The resistance $$R$$ of a wire is given by the formula:

$$ R = \rho \frac{l}{A}, $$

where:

• $$\rho$$ is the resistivity of the material,
• $$l$$ is the length of the wire,
• $$A$$ is the cross-sectional area of the wire.

If we have a cylindrical wire, the cross-sectional area can be expressed as $$A = \pi r^2$$, where $$r$$ is the radius of the cylinder. Therefore, the resistance of the original wire can be written as:

$$ R = \rho \frac{l}{\pi r^2}. $$

When the wire is stretched such that its radius becomes $$r / 2$$, its volume would remain constant, given that the volume of a cylinder is $$V = A \cdot l = \pi r^2 \cdot l$$. Assuming the volume before and after the stretching is the same, and since the area is now a quarter of the original (because when the radius is halved, the area, which is proportional to the square of the radius, is reduced to a quarter), the length must have increased to four times the original to preserve the volume.
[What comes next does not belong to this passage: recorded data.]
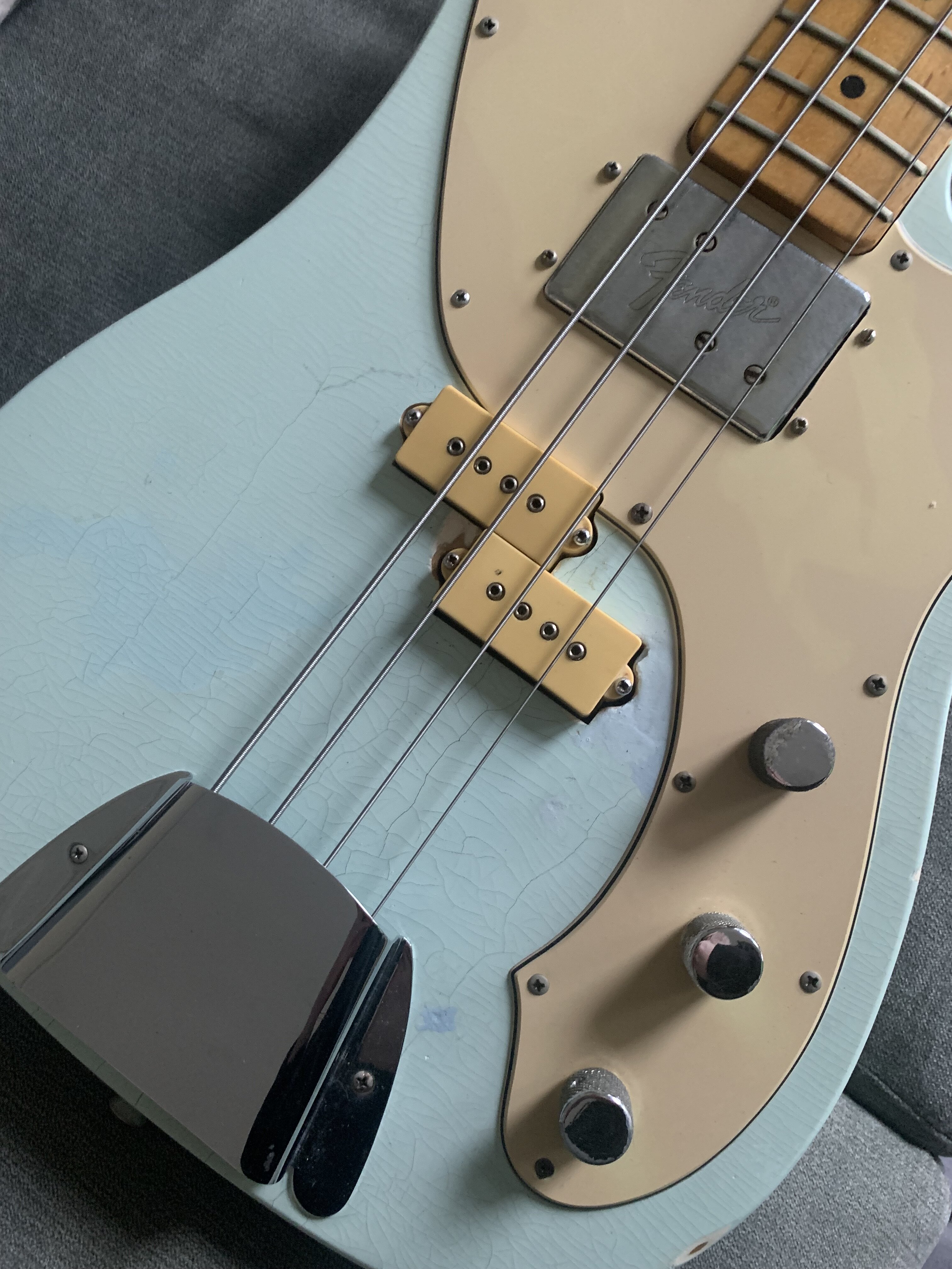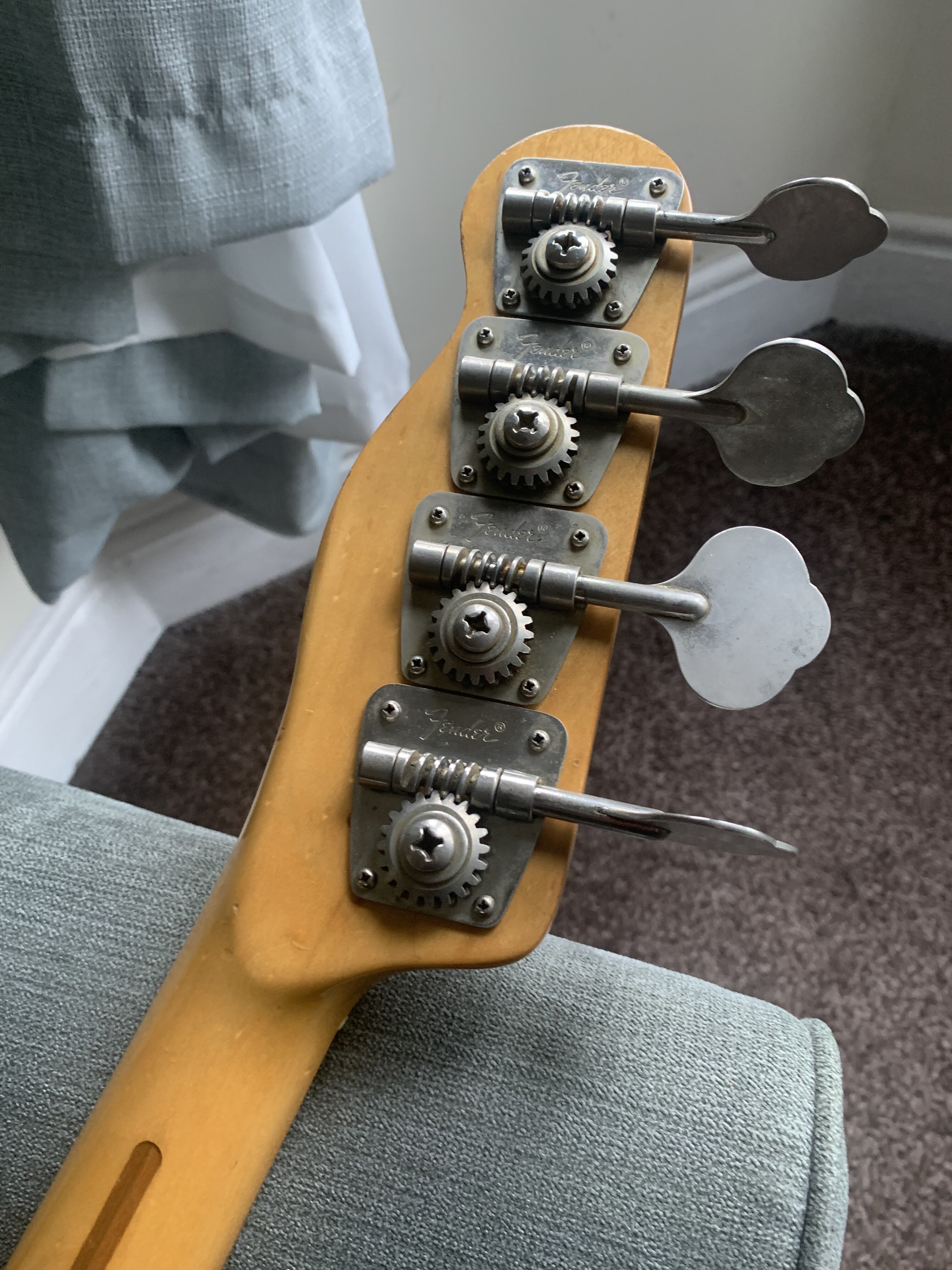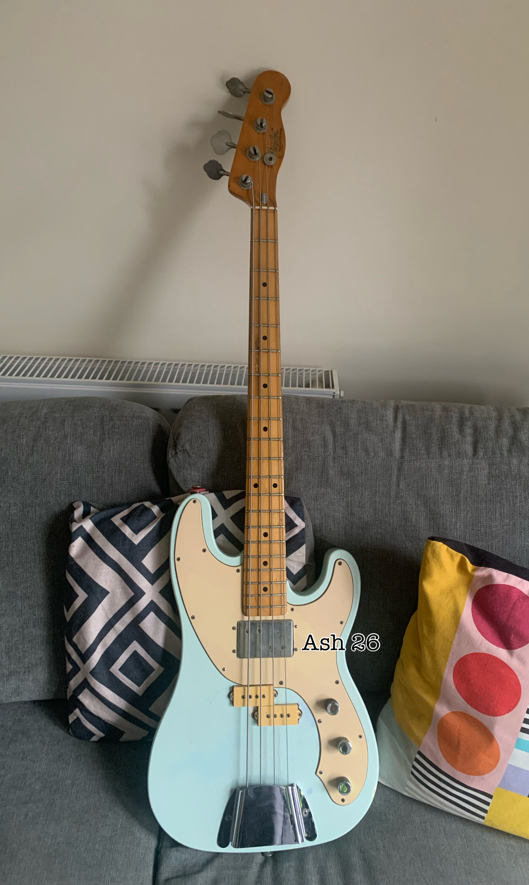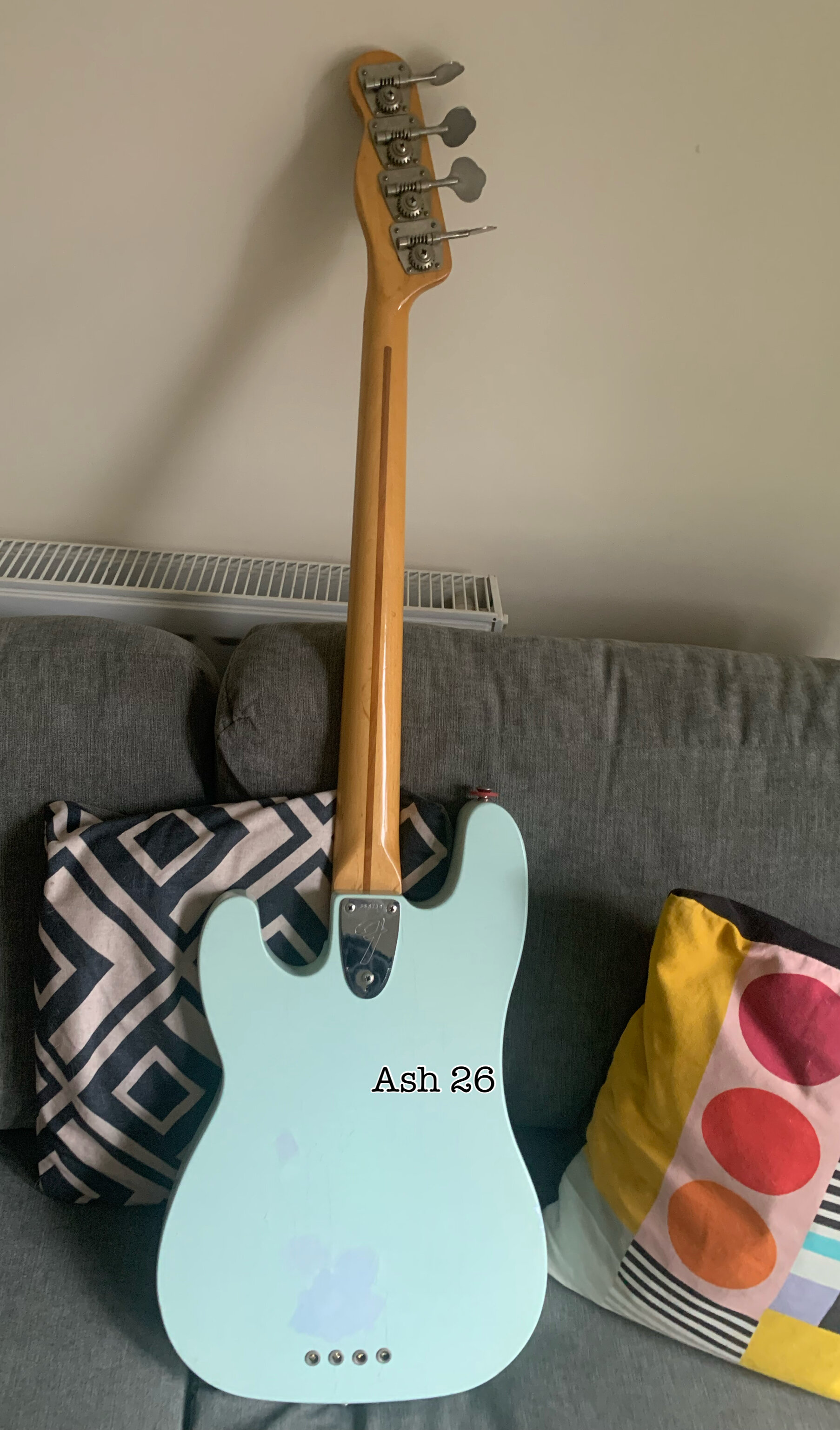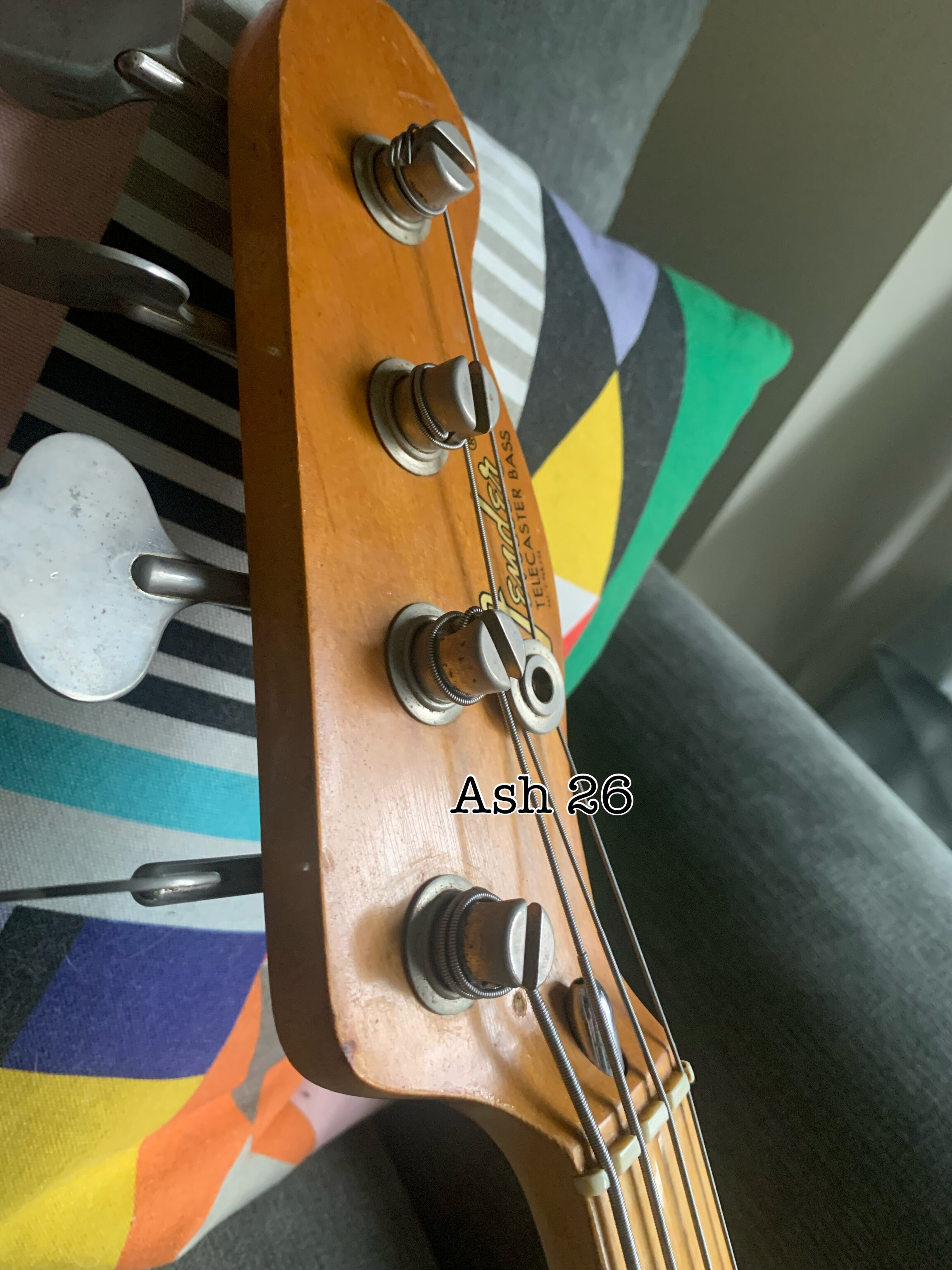 ash Posted 1 hour ago Posted 1 hour ago This is more of a feeler to see if there is any interest. My old Fender Telecaster Bass dates from 1972. The Basschatter who I got it from had the P bass pickup routed and the body refinished by John Diggins. When we exchanged it a few years ago it didn’t have the original Fender humbucker however I managed to source an original which I imported from the US. I added an extra original volume pot from the same era and sourced a 70’s Fender knob. It is wired like a Jazz bass two volumes and one tone. It has the three bolt neck with working micro tilt and a working bullet trussrod. The original finish was natural as there is a stamp under the mudbucker. The tuners, neck , frets and body are all original although I’m not sure of all of the pots and definitely not the wiring. The bridge had been swapped for a four saddle top loader job so I got a two saddle through strung with saddles that can be angled. More in keeping with the original but easier to intonate. The P bass pickup is a cream coloured late 70s vintage Dimarzio DP that sounds fantastic. The big humbucker has real sub bass to it and there are some classic tones to be had between the two. The Diggins refinish is intentionally worn with crazing however there are areas where the routing was rough that have been filled and touched up on the front. There is a larger buckle rash area on the back also touched up rather clumsily as the colour match is very poor. It protected the wood at least! My original intention was to take it back to a natural finish but I’ve not got round to it - as usual…. The scratch plate is a copy of some kind, when I got it the bass looked more like a Mike Dirnt Tele. My luthier cut out the area for the Fender humbucker. The ashtray is original and you can see the remains of the perished rubber mute on the inside of it. The bass plays well and is strung with Elixir coated strings. It is quite hefty but nothing like some of the Tele basses or other basses of this era I’ve played. It is around 4.7kgs. The bass in an earlier incarnation is pictured and described in the Haynes Fender Bass Manual. It’s a players bass rather than one for the collector. It could be restored to the original spec if you really wanted to but you’d have a one trick - albeit a good trick - pony. I’m reluctant to shift it but my P bass isn’t selling and having had some large vets bills recently I need to free up some cash. It is a rare opportunity to buy one of these old Telecaster basses at a sensible (I hope you think so too) price. Pickup preferred but I can post in the UK at cost. Sorry no trades. There isn’t a case with it but I’ll try and source one if you want it posting, otherwise it comes with a Fender gigbag. I’ll be sad to see this one go. I’ll add more pics if required. All the usual ID stamps are on the neck heel and pocket I would rather not remove the neck as they are a faff to set up with the micro tilt. 8 Quote
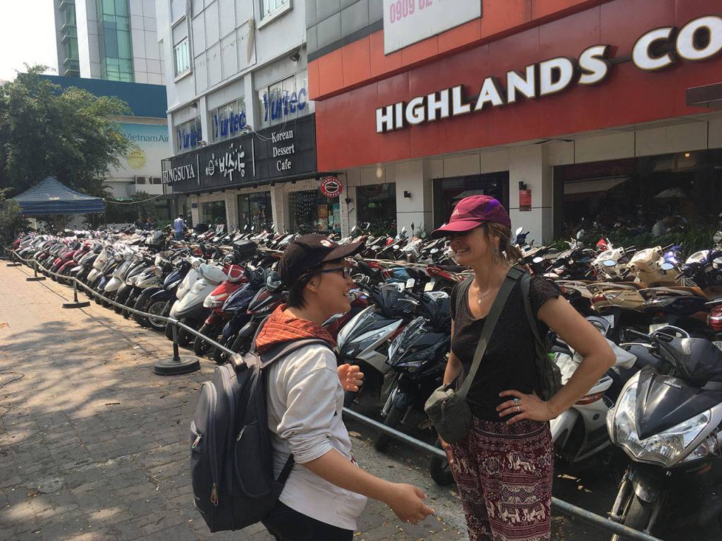Hanoi has a population of about 12 million people, and it has 6 million gas-powered scooters. The streets are so clogged with scooters — horns beeping, blinkers flashing, all swerving in and around each other at intersections — that it’s hard to visualize unless you’ve seen it in person. For the first couple of days, I just watched the traffic, mesmerized. My jaw would have dropped, except that I wanted to keep my mouth closed against the dust and pollution.
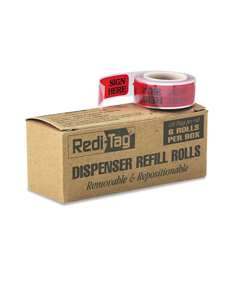 Arrow Message Page Flag Refills, "Sign Here", Red, 120 Flags/Roll, 6 Rolls

That is,

$$ l' = 4l, $$

and the new area,

$$ A' = \pi \left(\frac{r}{2}\right)^2 = \frac{\pi r^2}{4}. $$

Therefore, the new resistance, $$R'$$, of the wire can be calculated using the original formula for resistance:

$$ R' = \rho \frac{l'}{A'} = \rho \frac{4l}{\frac{\pi r^2}{4}} = \rho \frac{4l}{\pi r^2} \cdot 4 = 16 \rho \frac{l}{\pi r^2} = 16R. $$

Hence, the new resistance of the wire is $$16R$$, which means $$x = 16$$.